Het uitoefenen van detailhandel ter plaatse wordt niet uitgesloten in de Detailhandelsvisie. Wel is aangegeven dat er voor uitbreiding in de binnenstad een ruimte van 1.500 à 2.000 m² in de niet-dagelijkse artikelensector gereserveerd is, waarvan een deel zal worden ingenomen door de ontwikkelingen in het Kolveniershof. De overige ruimte moet inpasbaar zijn voor de gewenste herontwikkeling van panden rondom de grote Markt.
Bestemmingsplan Binnenstad-Centrum
In het vigerende bestemmingsplan Binnenstad – Centrum uit 2001 is een zonering opgenomen voor de vestiging van nieuwe horeca. Het perceel Grote Markt 14 valt in zone 1. Deze zone van de stad geldt als de ontmoetingsplaats voor eigen inwoners en bezoekers met als doel sociaal contact en culturele evenementen die overdag en ’s avonds plaats kunnen vinden. Deze zone wordt gekenmerkt door aan de Markt een concentratie van bankinstellingen en horecabedrijven afgewisseld met winkels. In deze zone is in principe iedere soort horeca voorstelbaar met uitzondering van nachtzaken, discotheken in het bijzonder. Deze vorm is vanwege de gesloten verschijningsvorm in strijd met het extraverte karakter dat deze zone overdag typeert. Het toestaan van deze horecavorm zou leiden tot aantasting van de levendigheid die de Grote Markt kenmerkt en kan mogelijk zelfs voeren tot incidentele verwaarlozing overdag. Het monumentale en uitzonderlijke karakter van de Markt verdient functies die zich met name overdag en op werkdagen zowel etaleren als waarmaken.
2.4 Conclusie
Gezien het voorgaande kan de conclusie worden getrokken dat vestiging van detailhandel en (niet-zware) horeca past binnen het bestaande beleid en dat er uit dien hoofde geen belemmeringen zijn om medewerking te verlenen aan het verzoek.

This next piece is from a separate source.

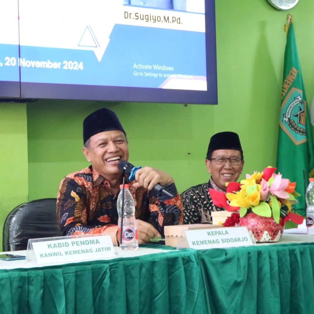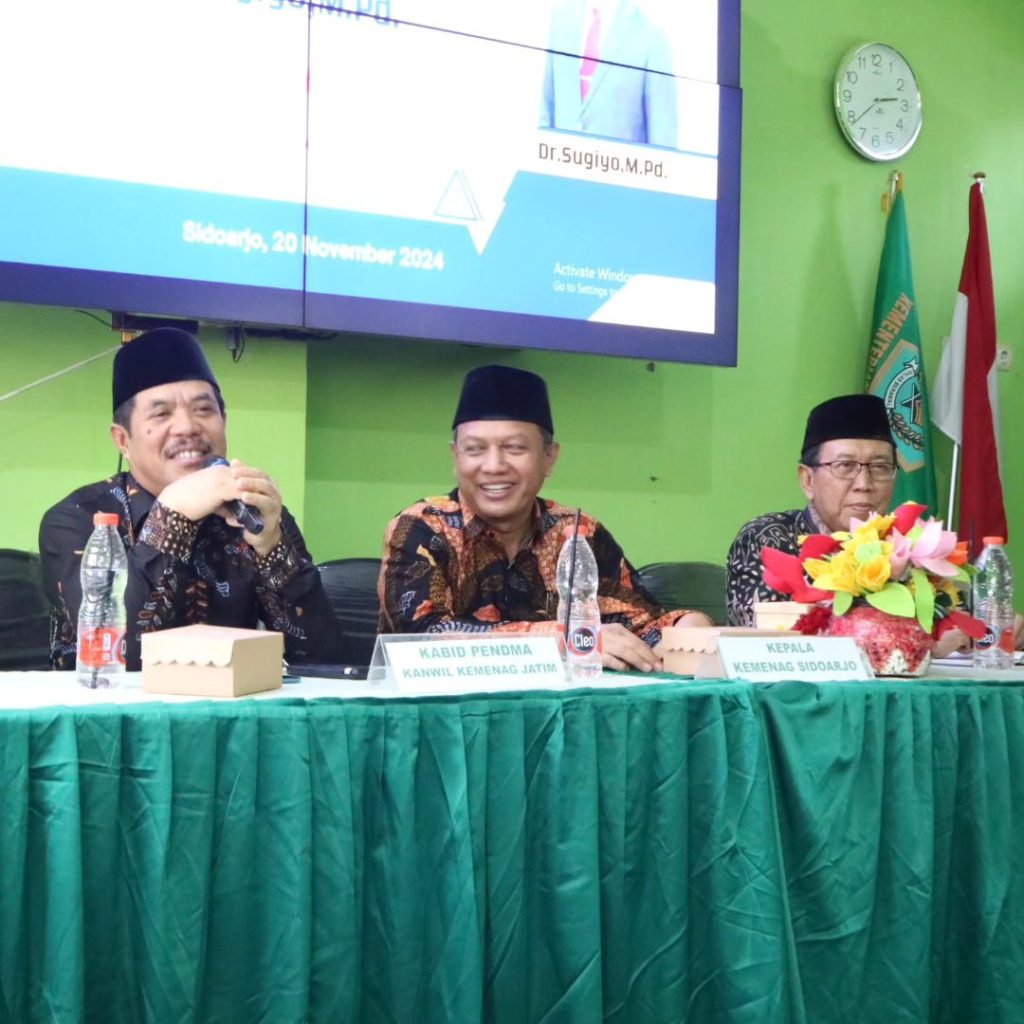 Sidoarjo, 20 November 2024 – Sebanyak 60 peserta yang terdiri dari guru dan karyawan MTs Negeri 3 Sidoarjo hadir dalam kegiatan pembinaan yang diberikan oleh Kepala Bidang Pendidikan Madrasah (Kabid Pendma) Kanwil Kementerian Agama (Kemenag) Provinsi Jawa Timur, Dr. Sugiyo, M.Pd. Pembinaan tersebut dilaksanakan di MTsN 3 Sidoarjo pada Rabu, 20 November 2024, dengan tujuan untuk meningkatkan kualitas pendidikan dan pemahaman keagamaan di madrasah.

HOOFDSTUK 3 Inventarisatie en Analyse
3.1 Ligging plangebied
Het perceel Grote Markt 14 is gelegen in het centrum van Goes. De (directe) omgeving van het perceel kenmerkt zich door de aanwezigheid van voornamelijk winkels en horeca, al dan niet in combinatie met wonen. Deze omgeving behoort tot het kernwinkelgebied van Goes. Zie ook de onderstaande luchtfoto.
![NL.IMRO.0664.BPGC14-VG99_0000Toelichting_2.jpg [image]]()
3.2 Bestaande situatie
Zoals in de inleiding al is aangegeven staat het pand Grote Markt 14 momenteel leeg. Voorheen was het als postkantoor in gebruik. Invulling conform de vigerende bestemming zou een lange periode van leegstand tot gevolg kunnen hebben, vanwege het ontbreken van belangstelling voor een maatschappelijke functie. Dat is ongewenst, mede het feit dat het pand Grote Markt 14 een rijksmonument is. Voorkomen moet worden dat het in verval raakt.
Het perceel heeft een oppervlakte van 619 m2, waarvan ongeveer 60% bebouwd is. De voorzijde bevindt zich aan de Grote Markt, de zijkant is gelegen aan de Lombardstraat en het erf aan de achterzijde is bereikbaar via een toegang aan de Oude Vismarkt. Het pand bestaat voor het grootste gedeelte uit 2 bouwlagen met een kap, een deel daarvan heeft een plat dak. Aan de achterzijde van het hoofdgebouw staan 2 aangebouwde delen waarvan het ene eveneens bestaat uit 2 lagen en een kap, zij het dat dit deel lager is dan het hoofdgebouw. Het andere deel bestaat uit 1 bouwlaag.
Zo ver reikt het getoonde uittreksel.